SFG rickettsiae are obligately intracellular bacteria that reside in the cytosol and less often in the nuclei of host cells. These rickettsiae are small, measuring approximately 0.3 by 1.0 µm. They have one of the smallest bacterial genomes, ranging between 1.1 and 1.6 Mb. The cell wall, which has the ultrastructural appearance of a gram-negative bacterium, contains peptidoglycan and lipopolysaccharide (LPS). Rickettsiae are difficult to stain with ordinary bacterial stains but are conveniently stained with the Gimenez method or with acridine orange. They have not been cultivated in cell-free medium. Growth requires living host cells, such as the yolk sac of embryonated eggs, experimental animals, or cell culture (e.g., Vero, HEL, and L-929 cells). Rickettsiae have undergone remarkable genome reduction with exploitation of their cytosolic environment by being highly adapted for intracellular survival with effective transport systems for adenosine triphosphate, amino acids, and phosphorylated sugars, in addition to their own independent metabolic enzymes. Rickettsiae exhibit a large family of surface proteins, (autotransporters) that are a major source of antigenic differences. Among these, OmpA (190 kDa) and OmpB (135 kDa) contain conformational epitopes that are targets of humoral immunity and were the antigenic basis for serotyping; other antigens are also shared among the SFG. The LPS of SFG rickettsiae contains highly immunogenic antigens that are strongly cross-reactive among all members of the group. However, antibodies to LPS do not provide protection against infection.

Epidemiology

The role of a tick bite in the transmission of RMSF was demonstrated by McCalla and Brereton and reported in 1908 ; a tick obtained from a patient with RMSF transmitted the disease to two volunteers. The seasonal distribution of RMSF parallels tick activity. The tick is both the vector and the main reservoir. Dermacentor variabilis, the American dog tick, is the prevalent vector in the eastern two-thirds of the United States and the Far West; Dermacentor andersoni, the Rocky Mountain wood tick, in the western states; Rhipicephalus sanguineus, in Mexico and Arizona ; and Amblyomma cajennense, Amblyomma sculptum, Amblyomma mixtum, Amblyomma patinoi, Amblyomma tonelliae, and Amblyomma aureolatum in Central and South America. Amblyomma tenellum is a potential vector for R. rickettsii in Mexico and is likely involved in its maintenance in nature. Causes for the variation in infection rates among populations of ticks are not clear, although in Dermacentor only a small portion of ticks (generally 4%) carry any rickettsiae, and fewer than 1 in 1000 ticks carry virulent R. rickettsii. One limiting factor is the deleterious effect that R. rickettsii has on ticks; another is the inhibition of establishment of transovarial transmission of R. rickettsii by the presence of another Rickettsia species in the tick. Humidity, climatic variations, human activities altering the vegetation and fauna, and the use of insecticides have been suspected to play a role in the fluctuation of tick populations and the prevalence of human rickettsiosis.

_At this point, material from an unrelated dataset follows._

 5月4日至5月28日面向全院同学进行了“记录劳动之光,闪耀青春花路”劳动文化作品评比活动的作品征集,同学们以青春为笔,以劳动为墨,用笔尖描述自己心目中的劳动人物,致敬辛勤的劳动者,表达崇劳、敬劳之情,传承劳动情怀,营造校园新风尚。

R. rickettsii is transmitted transstadially (stage to stage) and transovarially in ticks, thus maintaining the agent in nature. Horizontal transmission through vertebrate hosts would also appear to occur to a small degree and to be a necessary factor for the maintenance of R. rickettsii in nature. In most mammals, rickettsemia is of very short duration and low titer, allowing infection of only a small proportion of feeding ticks. Of the three tick stages—larva, nymph, and adult—only adult Dermacentor ticks feed on humans. The prevalence of pathogenic rickettsiae in various populations of ticks, their efficiency at transstadial and transovarial transmission, and their ability to infect uninfected ticks while cofeeding on the same host are variable. Many rickettsiae of unknown pathogenicity have been isolated and characterized in the United States, including Rickettsia bellii, Rickettsia montanensis, Rickettsia rhipicephali , and Rickettsia peacockii.

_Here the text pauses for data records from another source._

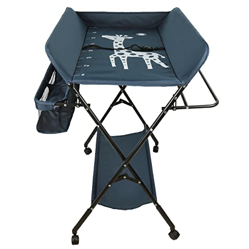 Fasciatoio Pieghevole per Neonato con Struttura Stabile,Fasciatoio per Bambini, Salva Spazio, per Cambio Pannolino,4 ruote con freno,con Scomparti Portaoggetti (80 * 66 * 98 cm (blu scuro))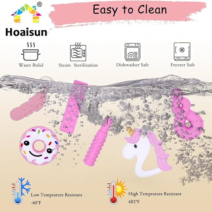 - Widely applications - Hoaisun teething neckalce for baby tocome in a variety of styles, can be used for any age. Autism adult chew necklace can be used as a stim toys, or as an oral motor therapy tools for kids with autism. And it is also a very suitable toddler chew necklace, which can relieve the baby's teething pain, which will not hurt your baby's teeth.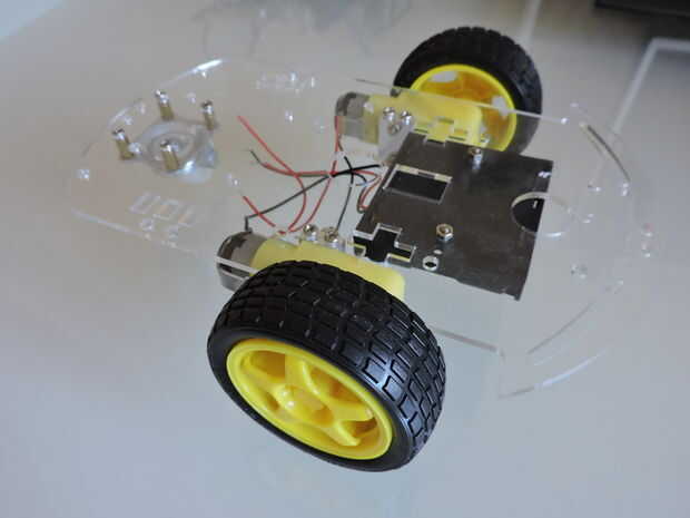 el primer paso y la base de un robot es un chasis. Yo tengo la mía de ebay, y te dejo enlaces para. Si lo prefiere, también usted puede hacer su propia utilizando cartón y servomotores de CC. De cualquier manera, el chasis tiene que incluir un cuerpo, dos motores y a veces incluso un portapilas y un interruptor.

The tick transmits the disease to humans during a prolonged period of feeding that may last for 1 to 2 weeks. The blood meal and host temperature associated with tick feeding modulate the expression of genes that may upregulate virulence factors of rickettsiae. Furthermore, salivary products of the tick may enhance establishment of rickettsial infection. The bite is painless and frequently goes unnoticed. After the attached tick has fed for 6 to 10 hours, rickettsiae begin to be injected from the salivary glands. An even longer period may be required for reactivation of rickettsial virulence in unfed ticks. Humans can also be infected by exposure to infective tick hemolymph during the removal of ticks from persons or domestic animals, especially when the tick is crushed between the fingers.

The mean infectious dose of R. rickettsii is 23 organisms, but as few as one bacillus can cause infection. Laboratory-acquired infection transmitted by infectious aerosols or parenteral inoculation of R. rickettsii may be prevented with careful technique and the use of biohazard containment hoods, masks, and gloves.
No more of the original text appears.